[Input]
= = = =

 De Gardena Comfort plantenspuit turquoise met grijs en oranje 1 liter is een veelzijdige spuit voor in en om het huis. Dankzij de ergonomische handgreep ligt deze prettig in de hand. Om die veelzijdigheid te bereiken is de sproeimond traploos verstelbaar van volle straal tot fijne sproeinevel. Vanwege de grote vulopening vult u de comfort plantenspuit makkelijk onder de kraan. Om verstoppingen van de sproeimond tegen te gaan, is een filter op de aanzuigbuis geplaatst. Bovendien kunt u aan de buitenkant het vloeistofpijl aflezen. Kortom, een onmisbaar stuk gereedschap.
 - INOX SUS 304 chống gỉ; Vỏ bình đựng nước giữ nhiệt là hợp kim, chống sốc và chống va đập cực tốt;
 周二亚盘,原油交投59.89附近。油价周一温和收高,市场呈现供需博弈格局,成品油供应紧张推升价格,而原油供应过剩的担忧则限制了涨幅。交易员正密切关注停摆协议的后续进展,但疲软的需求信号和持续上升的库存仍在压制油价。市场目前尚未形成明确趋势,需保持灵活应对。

= = = =

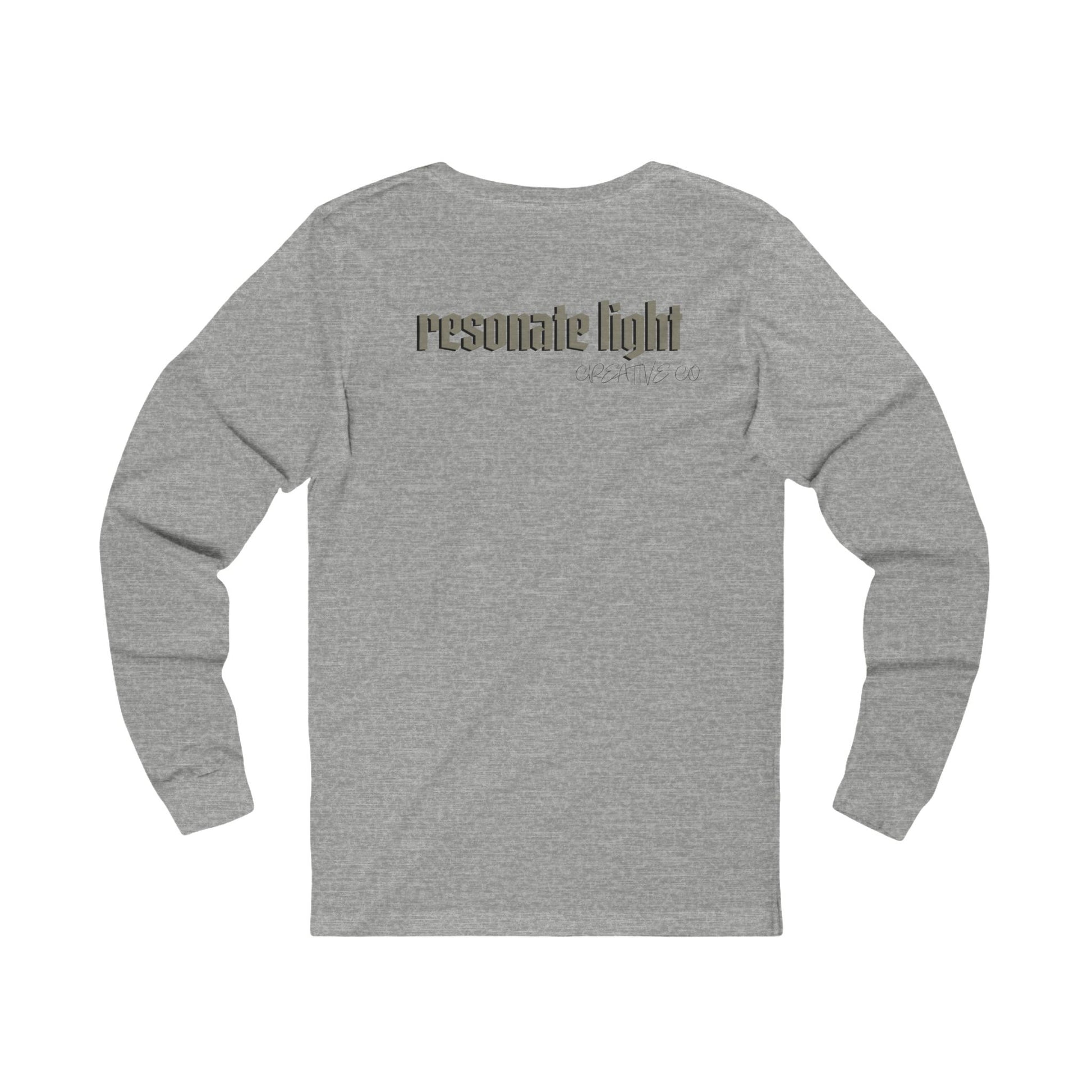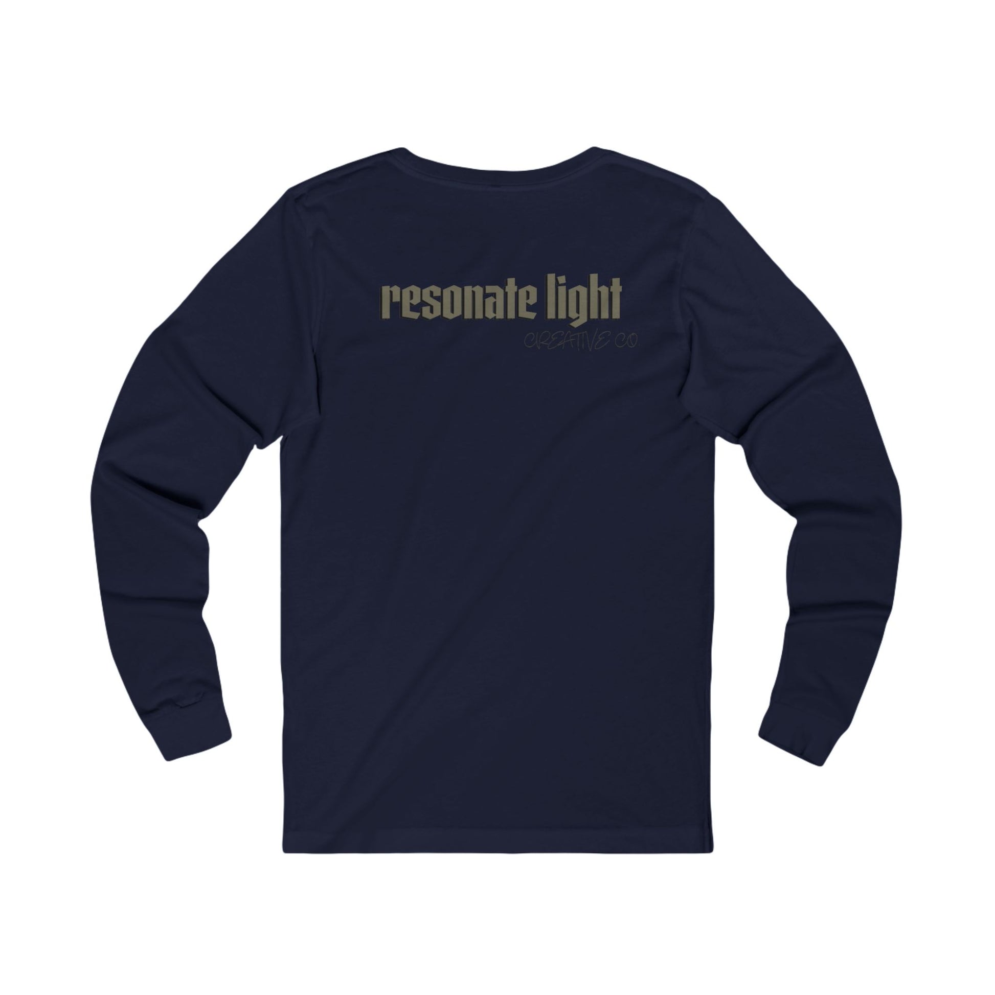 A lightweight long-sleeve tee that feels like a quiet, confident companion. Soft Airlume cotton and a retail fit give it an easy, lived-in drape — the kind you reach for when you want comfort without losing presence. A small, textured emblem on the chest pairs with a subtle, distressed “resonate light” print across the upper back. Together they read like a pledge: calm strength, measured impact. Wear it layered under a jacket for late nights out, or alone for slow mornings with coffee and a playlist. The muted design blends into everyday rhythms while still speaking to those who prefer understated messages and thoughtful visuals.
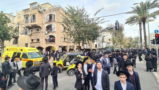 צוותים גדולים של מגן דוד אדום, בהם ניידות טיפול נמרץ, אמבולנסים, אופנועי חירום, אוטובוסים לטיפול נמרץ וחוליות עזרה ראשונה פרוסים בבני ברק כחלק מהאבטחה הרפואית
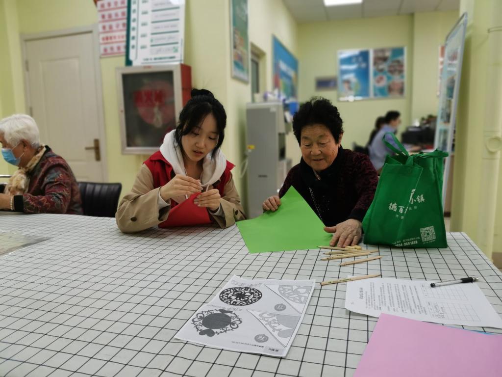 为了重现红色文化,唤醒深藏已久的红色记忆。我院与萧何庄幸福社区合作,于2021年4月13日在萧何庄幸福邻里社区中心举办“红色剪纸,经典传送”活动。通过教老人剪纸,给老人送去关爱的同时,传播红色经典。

= = = =

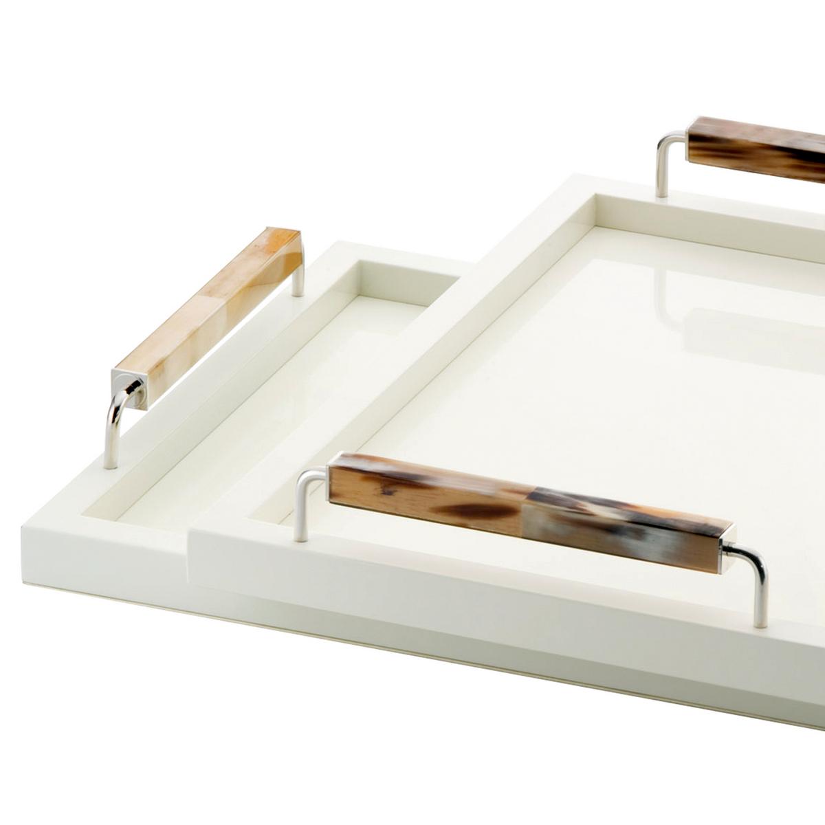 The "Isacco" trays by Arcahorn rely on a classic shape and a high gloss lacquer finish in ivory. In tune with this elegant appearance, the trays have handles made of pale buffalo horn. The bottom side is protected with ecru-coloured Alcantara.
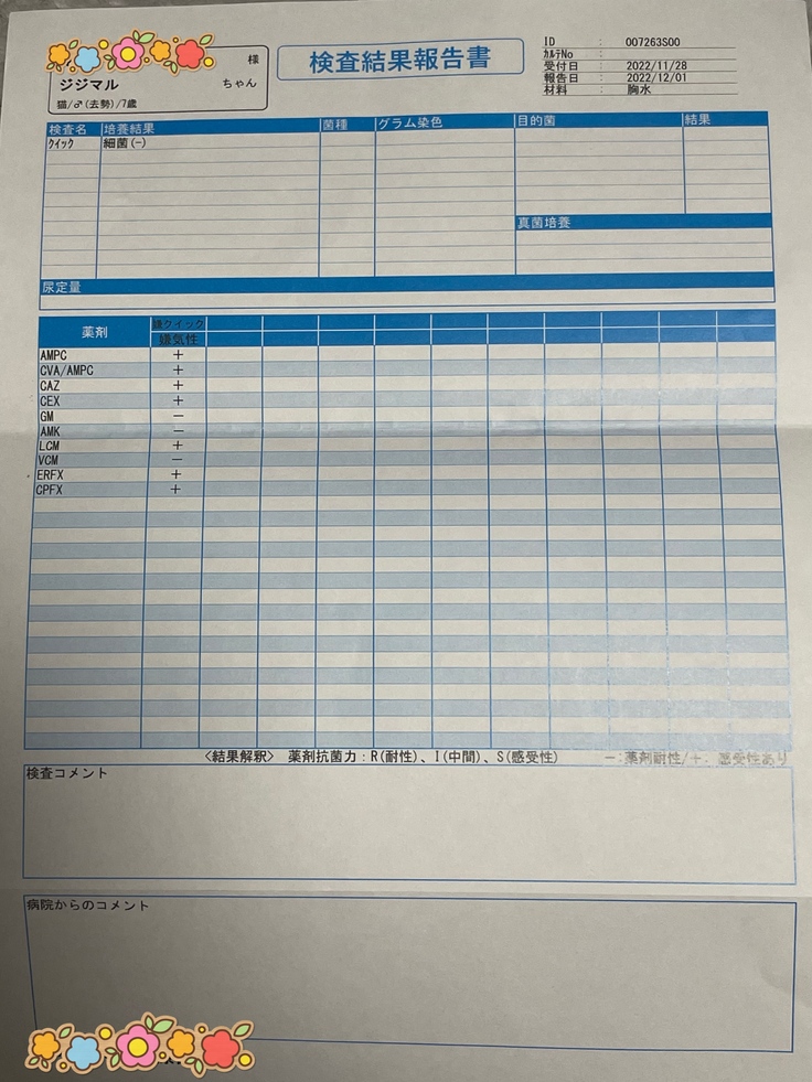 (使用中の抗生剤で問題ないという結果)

= = = =

[Exercise details]
Copy out, exactly and alone, the lines of the entries above between the ones holding "De Gardena Comfort" and "周二亚盘,原油交投59.89", inclusive.

[Answer box]
 De Gardena Comfort plantenspuit turquoise met grijs en oranje 1 liter is een veelzijdige spuit voor in en om het huis. Dankzij de ergonomische handgreep ligt deze prettig in de hand. Om die veelzijdigheid te bereiken is de sproeimond traploos verstelbaar van volle straal tot fijne sproeinevel. Vanwege de grote vulopening vult u de comfort plantenspuit makkelijk onder de kraan. Om verstoppingen van de sproeimond tegen te gaan, is een filter op de aanzuigbuis geplaatst. Bovendien kunt u aan de buitenkant het vloeistofpijl aflezen. Kortom, een onmisbaar stuk gereedschap.
 - INOX SUS 304 chống gỉ; Vỏ bình đựng nước giữ nhiệt là hợp kim, chống sốc và chống va đập cực tốt;
 周二亚盘,原油交投59.89附近。油价周一温和收高,市场呈现供需博弈格局,成品油供应紧张推升价格,而原油供应过剩的担忧则限制了涨幅。交易员正密切关注停摆协议的后续进展,但疲软的需求信号和持续上升的库存仍在压制油价。市场目前尚未形成明确趋势,需保持灵活应对。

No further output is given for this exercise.